Starting August 17, 2026, Atlassian will begin collecting customer metadata and in-app content from Jira, Confluence, and other cloud products to train its AI offerings, including Rovo and Rovo Dev. This announcement comes after GitHub recently changed its Copilot data usage policy. Taken together, these changes suggest opt-out-by-default is becoming the industry norm. GitLab takes the opposite position: no data collection, no AI training on customer data, no matter what tier you're on.

Atlassian's change is enabled by default for all cloud customers and affects roughly 300,000 organizations. For customers on the Free, Standard, and Premium tiers, metadata collection is mandatory and cannot be turned off. Only Enterprise-tier customers have the option to opt out. This policy change deserves a close read if your engineering, IT, and program management teams run on Atlassian because they are most exposed by this change — and least likely to have been consulted before it happened.
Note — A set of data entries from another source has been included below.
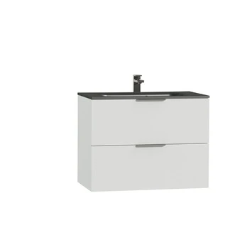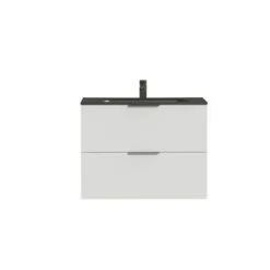 Tiger Studio Badkamermeubel 80 Cm Hoogglans Wit Met Wastafel Polybeton Mat Zwart Greep Rvs Plat
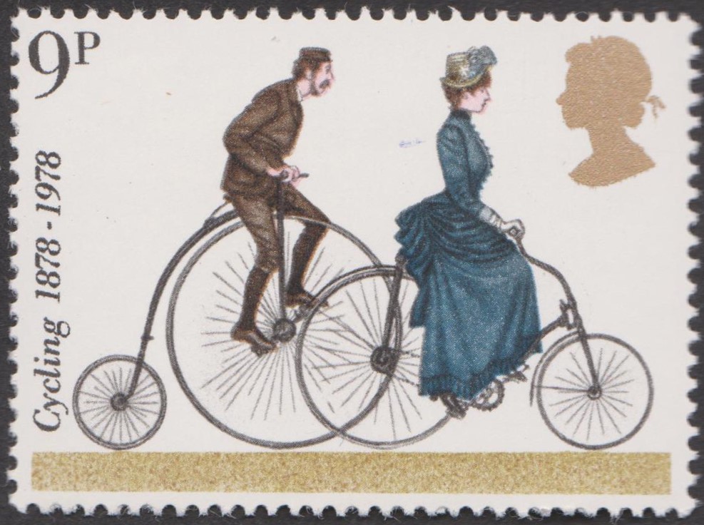 GB MiNr. 773 zeigt einen Mann und eine Frau im 19. Jahrhundert beim Fahrradfahren:
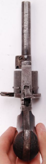 An antique late 19th / early 20th century Belgian pin fire single action six shot revolver pistol. Liege proof marks to top of cylinder. With walnut grips and folding trigger. Measures approx 17cm long.
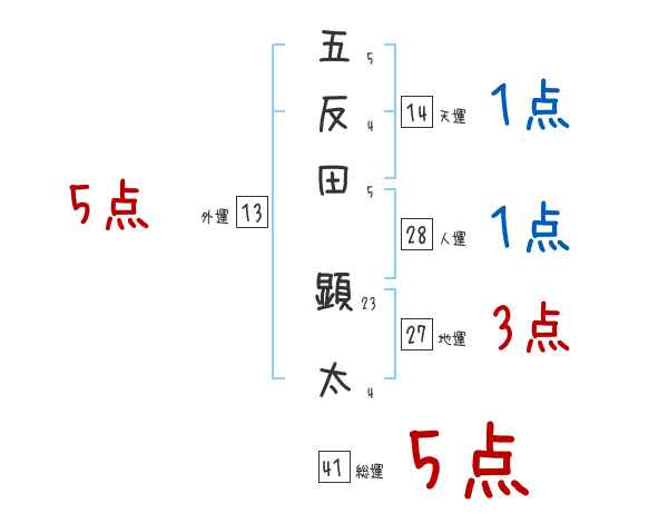 五反田顕太さんの画数の鑑定結果
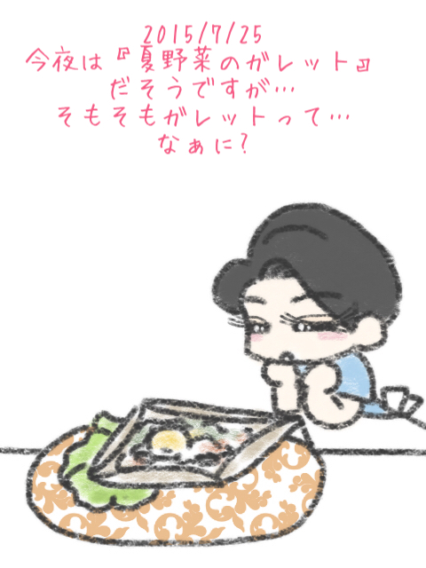 本日のイラストは「今夜は“夏野菜のガレット”つくります( ̄▽ ̄ゞ」
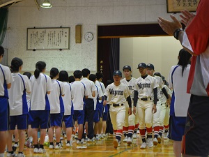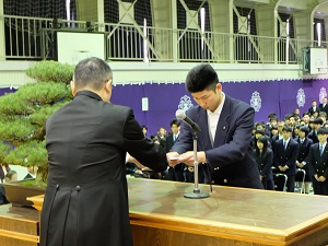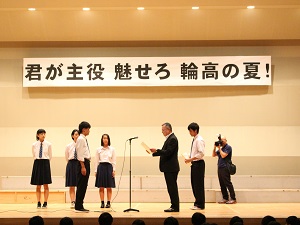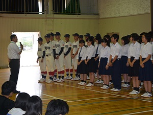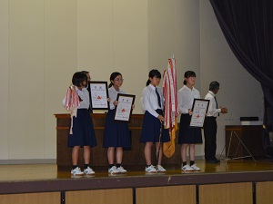 和太鼓部、陸上部、ソフトテニス部の表彰伝達式が行われました。

Although the underlying governance questions are the same for both Atlassian and GitHub's changes, the data at risk is different. Where GitHub's change concerned source code and developer interactions, Atlassian's reaches into project plans, internal documentation, workflow configurations, and operational metadata across Jira, Confluence, and the broader Atlassian stack. For organizations that rely on these tools as their system of record for how work gets planned and delivered, the implications run deep.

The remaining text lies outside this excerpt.